Анна не улыбнулась. Она быстро засунула в рот вилку с горкой риса, разок кивнула головой, как клюющая птичка. Я посмотрела на ее толстые упругие щеки… Мой первый вечер в этом городе.

«Я всегда говорю, что все мы иммигранты. Я тоже иммигрантка. Все иммигранты. Наши прародители откуда-то сюда приехали».

Я принялась за еду. Я могла гордиться собой, сырое мясо оказалось вкусным, а Анна, изо рта которой в ходе монолога высыпались на тарелку зернышки риса, не портила моего аппетита. Я всегда считала себя политически корректным едоком.

Анна продолжала: «Коренных жителей нет. Их не существует».

Ее победный тон показался мне странным. Я никак не могла понять, почему именно мне она торжественно сообщает эту весть. «Может быть, и не существует, да, — отозвалась я. — Трудно провести границы».

«Коренных жителей не существует!»

«Просто кто-то всегда кого-то опережает. И устраивает там дела по-своему, но когда новоприбывшие все перемешивают, это так травмирует, по меньшей мере».

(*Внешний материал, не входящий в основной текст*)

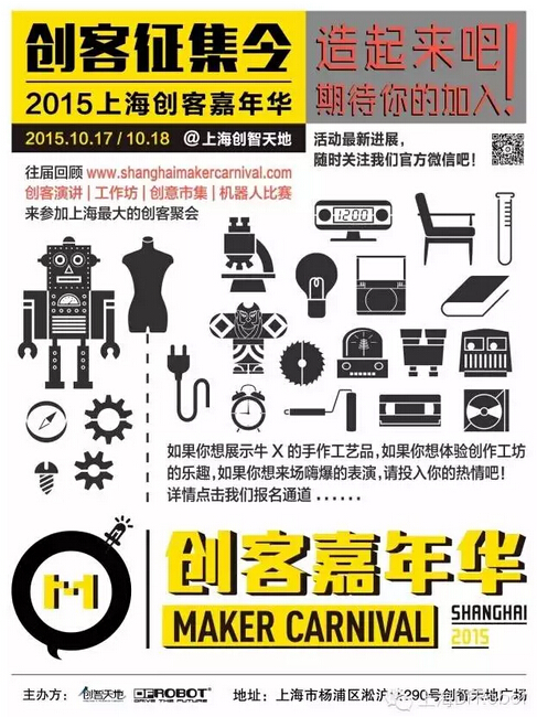 今年的活动将更加丰富、更加好玩儿。创客们集结起来,如果你想让世界看到你的作品,分享你脑中的Idea,赶紧来报名参加我们的上海创客嘉年华。
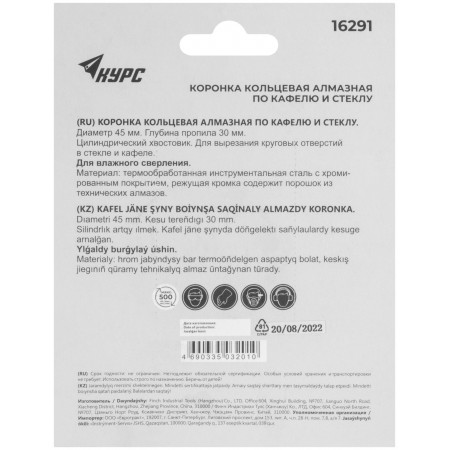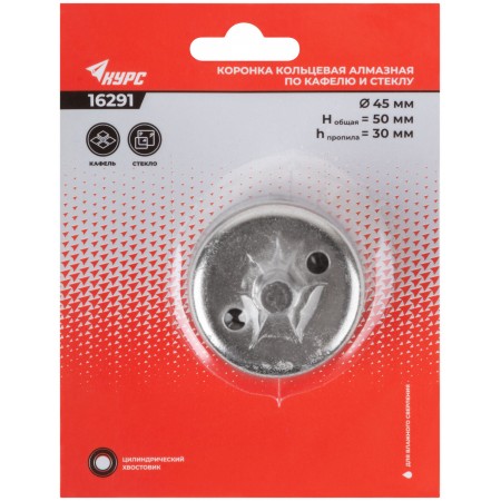 Коронка кольцевая по кафелю и стеклу алмазная 45х50 мм (16291)
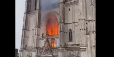 Na fotografijama se vidi kako se dim i vatra kuljaju iz građevine izgrađene između 15. i 16. veka. Prošle godine ogroman požar opustošio je katedralu Notr Dam u Parizu.
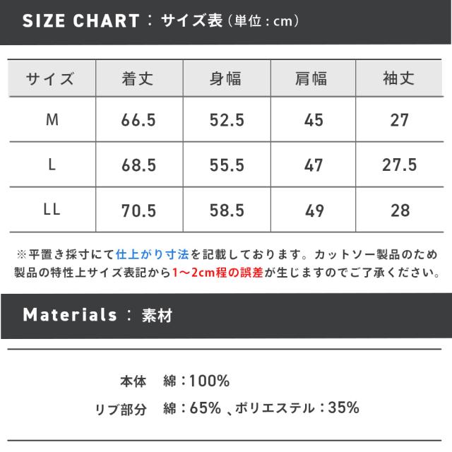 ※カットソー製品のため製品の特性上、サイズ表記より1〜2cm前後する可能性があります。
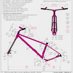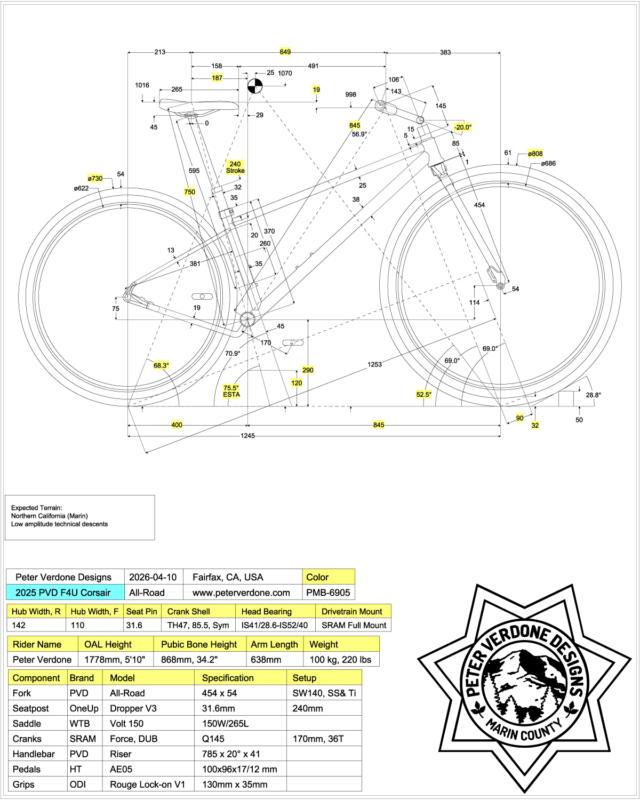 The Corsair AR is a further development on my all-road platform. A narrow gauge (Q145) format replacing the 2023 M2-F2, the Corsair moves many improvements forward. The big one, a 32″ (686BSD) front wheel option and 29″ (622BSD) options for both 100mm travel and rigid forks. These three front ends producing the same fundamental geometry within the bike. This will provide the most discrete testing of the large front wheel against traditional options.
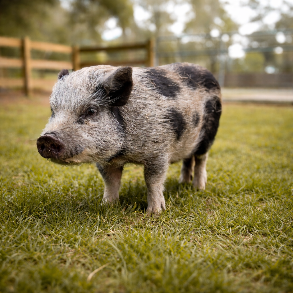 Juliana Mini pigs usually stand 14-19 in at the shoulders and are 24-30 in (0.6-0.8 m) long. Miniature pigs reach half their adult weight by about 1 year of age and will continue to grow slightly until 4-5 years of age, when their growth plates completely fuse. The life span of miniature pigs typically ranges between 8-15 years, with a maximum life expectancy of 20-21 years. Mini pigs begin puberty as early as 2-4 months of age.
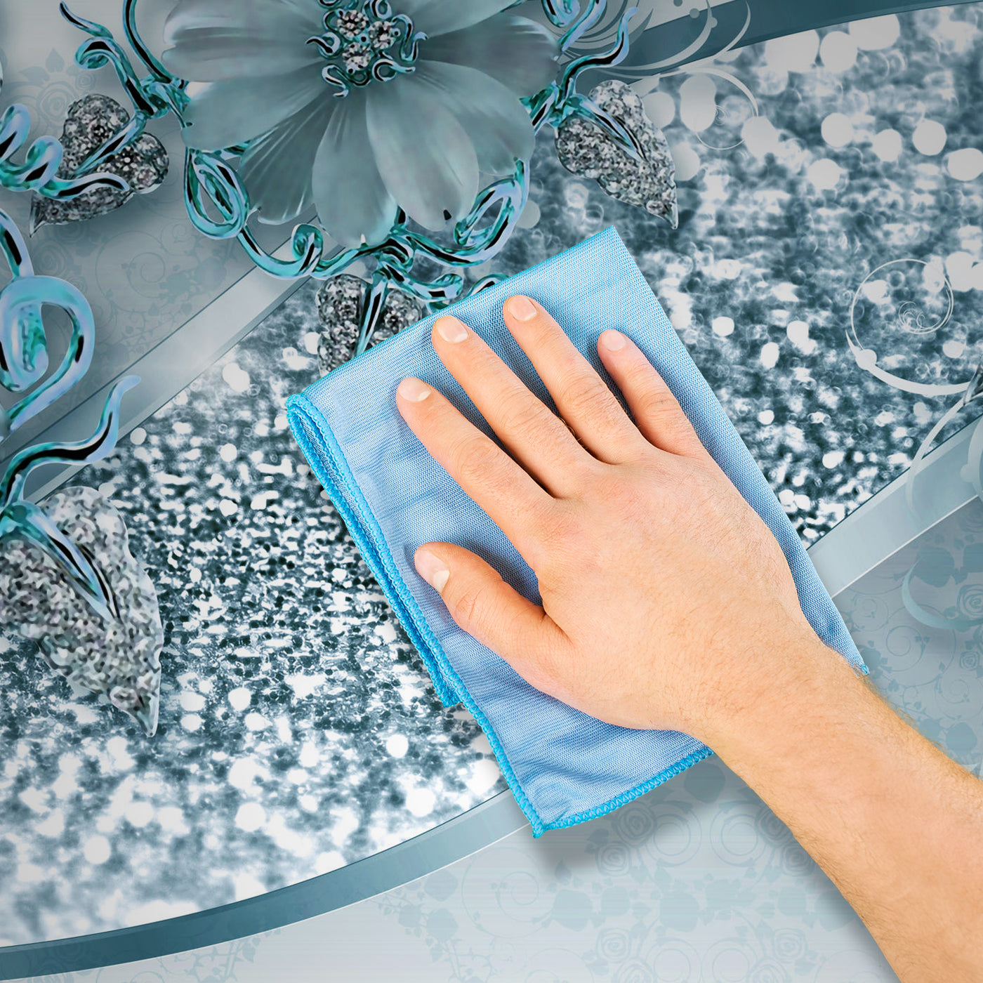 - Reinige eventuelle Verschmutzungen oder Kleberreste sofort mit einem feuchten Schwamm oder Tuch.

Анна вытянула губы трубочкой. А я сама себе удивилась: с чего это я принялась объяснять, можно было просто кивнуть. Но добавила: «Если кто-то раньше тебя сел на скамейку в парке, то это все-таки больше его скамейка, чем твоя, — разве ты не так к нему отнесешься? Даже если ты уверена, что задумала использовать скамейку более интересным образом».

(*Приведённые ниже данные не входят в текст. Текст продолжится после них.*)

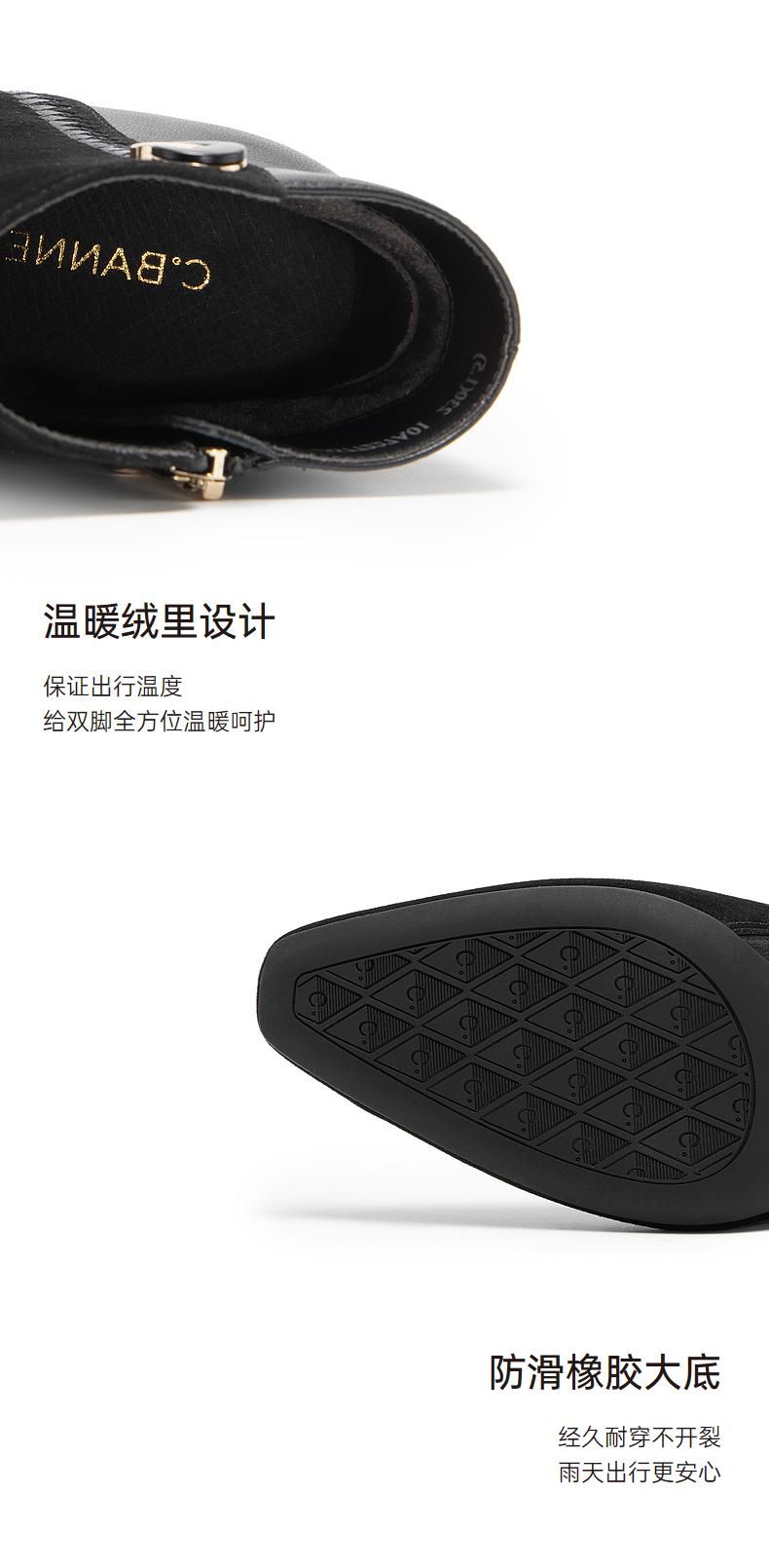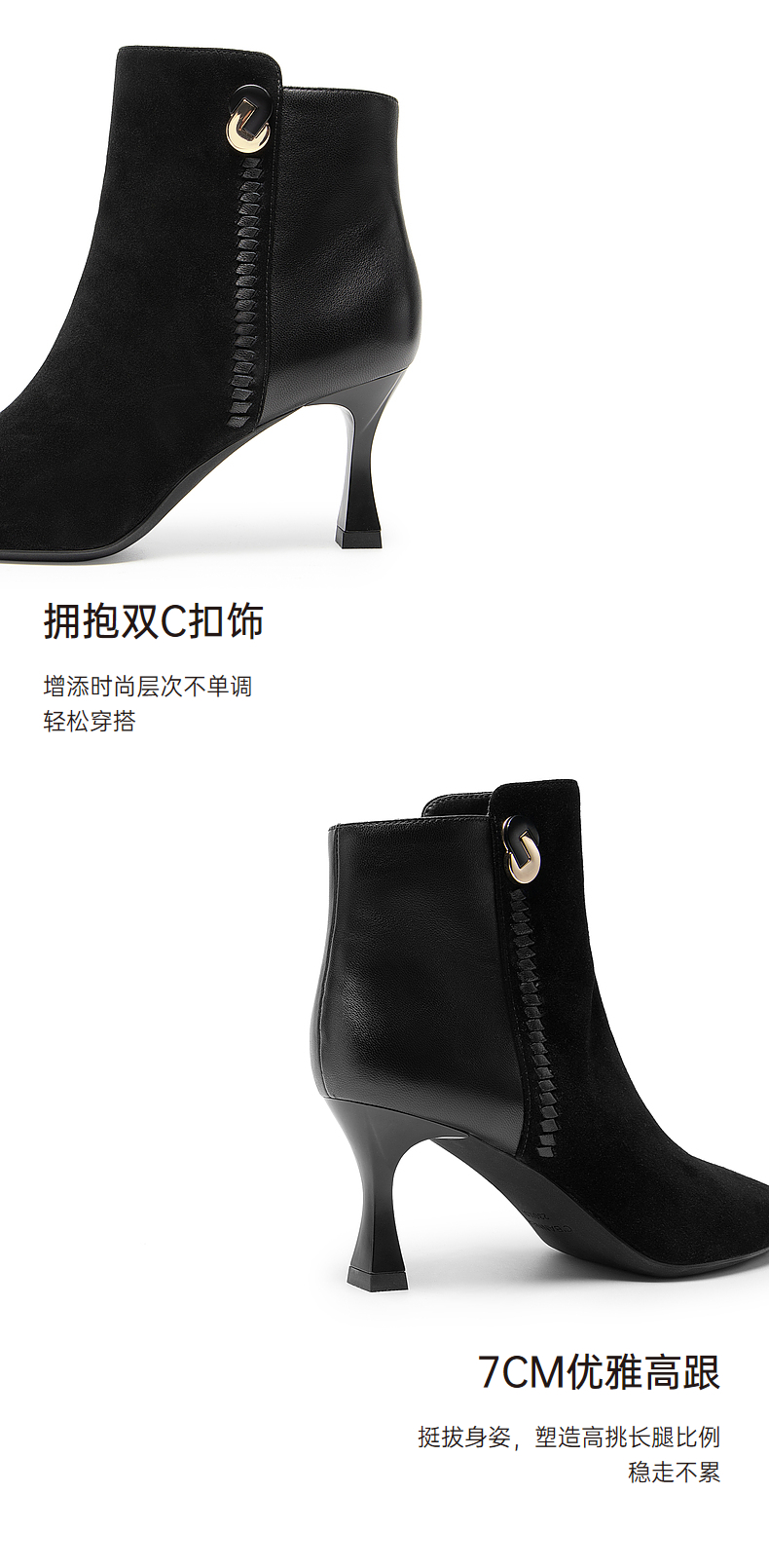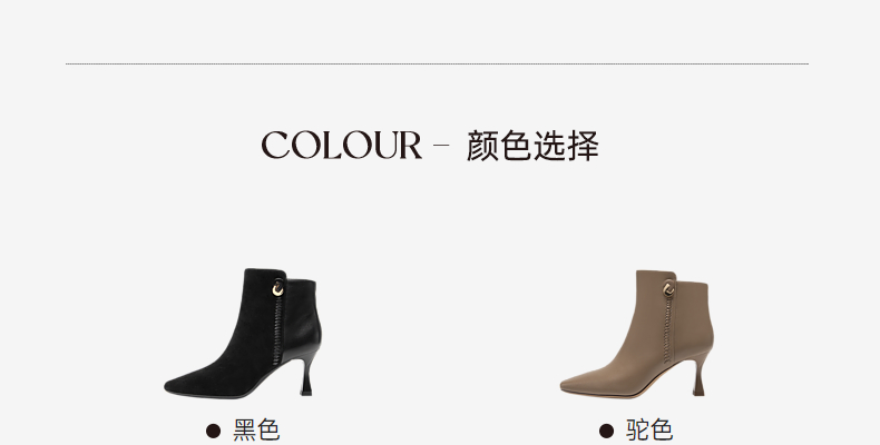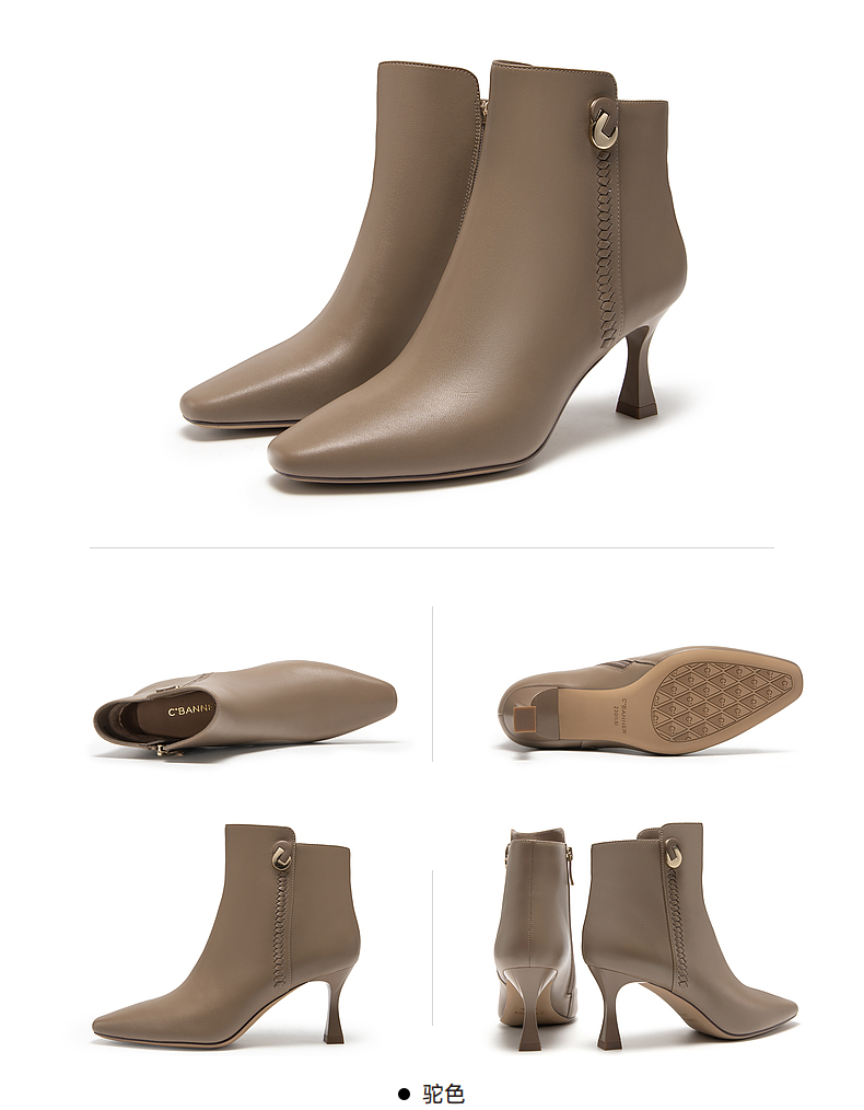 千百度羊皮时装靴秋冬细高跟短靴子女鞋真皮显瘦气质保暖A23577227

Анна начала постукивать вилкой по столу: «Человек может жить там, где хочет. Может».

«Конечно. Совершенно согласна».

Анна еще пару раз постучала вилкой по столу, затем яростно воткнула ее в еду. Я спросила: «Рокко тоже поедет в Америку?»

«Ахх». Видимо, во рту у Анны оказалось что-то совершенно несъедобное, во всяком случае она тут же исторгла изо рта странный перепончатый кусок. «Пффф. Мой Рокко, конечно, он тоже поедет. Рокко. О да. В его жизни теперь две великие цели».

«Да?»

«Первая — дожить до сорока, и вторая — выучить язык эльфов».

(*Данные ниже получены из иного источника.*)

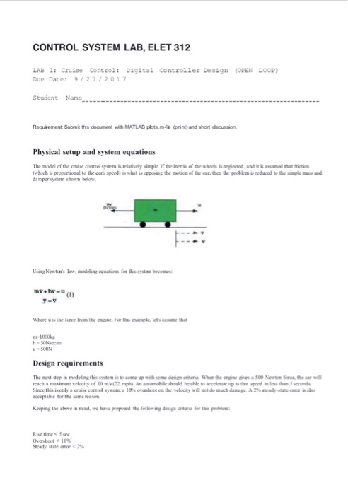Solved Control System Lab Elet 312 Lab 1 Cruise Control
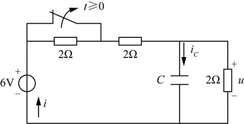 已知电路如图所示,设开关在t=0时刻断开,那么( )。
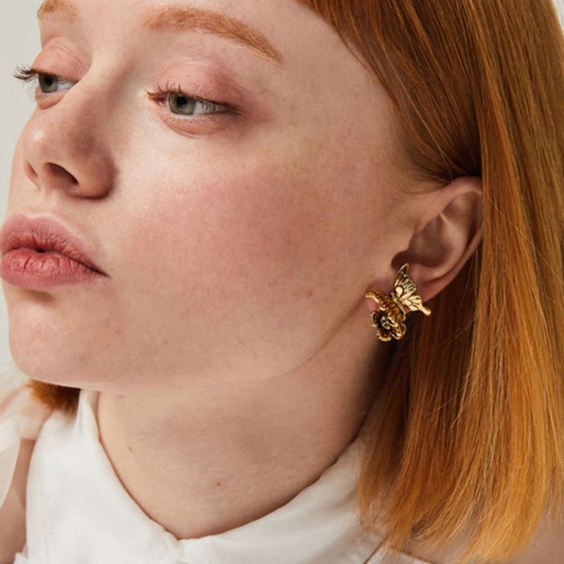 FEVERISH Butterfly & Flower Stud Earrings — купить товар онлайн с бесплатной доставкой по всему миру!
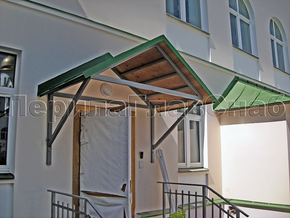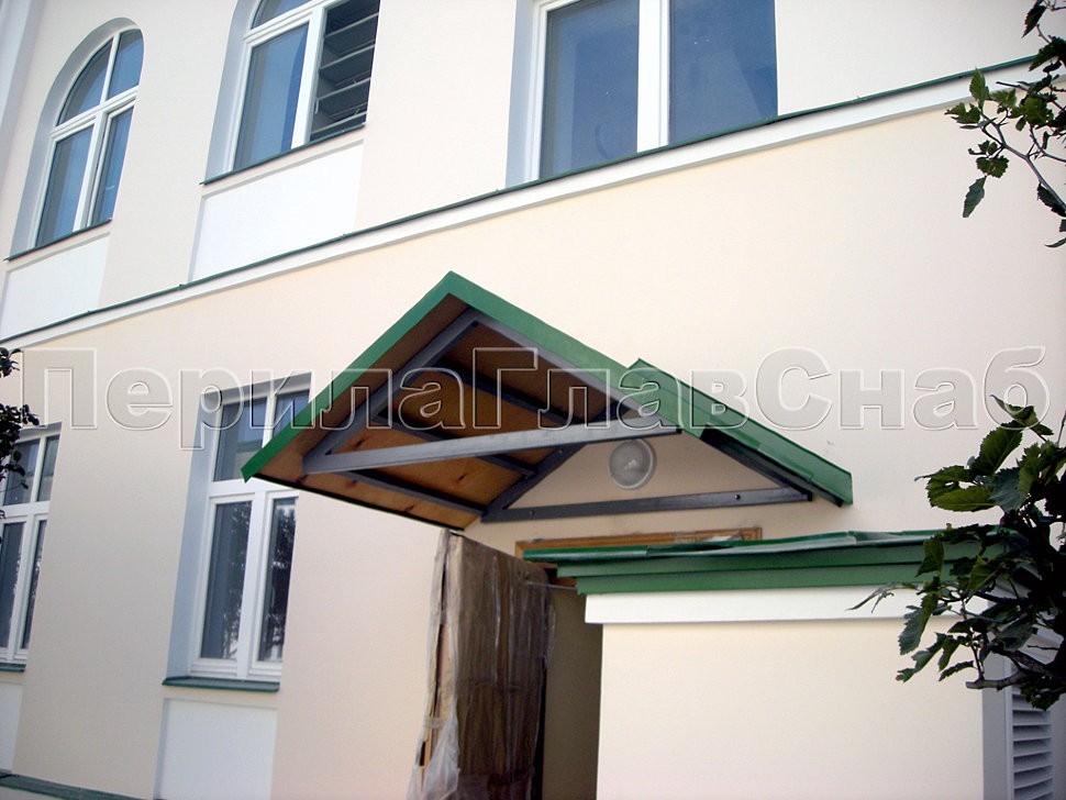 Придерживаясь той же исторической канвы, что была использована в архитектуре здания, разрабатывались и внедрялись дизайнерские решения в оформлении остальных конструкций, — это и козырек над входом и стеклянная защита цокольного и подвального этажей.

«Что за… Сколько же ему лет?»

«Рокко у меня тридцатисемилетний. У него слизь в легких, это не просто так… Когда ему было двадцать пять, дело было настолько серьезно, думали, что до тридцати он не дотянет, понимаешь. А потом болезнь стала отступать, и сейчас даже совсем… в общем под контролем, в этом смысле».

«По-моему, тоже. В смысле, что он выглядит здоровым». Мне вспомнился блуждающий взгляд Рокко.

«Ну… Не будем преувеличивать. — Анна, мило позвякивая, размешала сахар в чашке. — Кроме того, он учит язык эльфов. Он большой фанат».

«Да, я видела. У него даже футболка Бога мух. В смысле, Властелина Колец». Анна не обратила внимания на мою оговорку.

«Он очень основательный и систематичный. Иногда даже здоровается со мной на языке эльфов. И вообще хорошо запоминает, точно помнит формы слов и цветовые нюансы. У аутистов отличная память, а Рокко у меня немножечко того…»

Анна подмигнула. Я не знала, как на это отреагировать.

«Он где-то работает?»

«Да, конечно, он программист. Он привыкнет к тебе, привыкнет».

Мне вспомнился мой чемодан, оставшийся в их квартире. Подумала, а не смогу ли я изобразить, будто мне пришла СМСка от друга сестры. Ведь вполне могло так случиться, парень должен был вернуться сегодня поздно вечером из Турции, он знал, что я буду здесь несколько дней. Когда Анна пошла в туалет, я отправила парню СМСку, чтобы он сообщил, захочет ли сегодня вечером еще куда-нибудь сходить. Но ответа не получила.

Анна вернулась из туалета, взяла свою цветастую сумку и направилась к стойке платить. Я встала и пошла вслед за ней.

Счет оказался внушительный; мелькнула мысль, может, из вежливости мне следовало бы заплатить за двоих, они же меня принимают, что с того, что вопреки моему желанию. И все-таки я достала из кошелька только свою долю.

«Ох, нет, и не думай, — отреагировала Анна. — Ты гостья. Нет-нет-нет. Я заплачу, это меньшее, что я могу сделать».

«Нет. Так нельзя. Видишь, вот моя доля».

«Убери! — Анна подала официанту кредитную карточку. — Для меня это радость, честное слово, радость».

Я подумала, следует ли мне и далее противостоять ее радости. Толстушка оплачивает мой счет и, желая добра, пугает меня. Анна поблагодарила официанта. Я поблагодарила официанта и Анну.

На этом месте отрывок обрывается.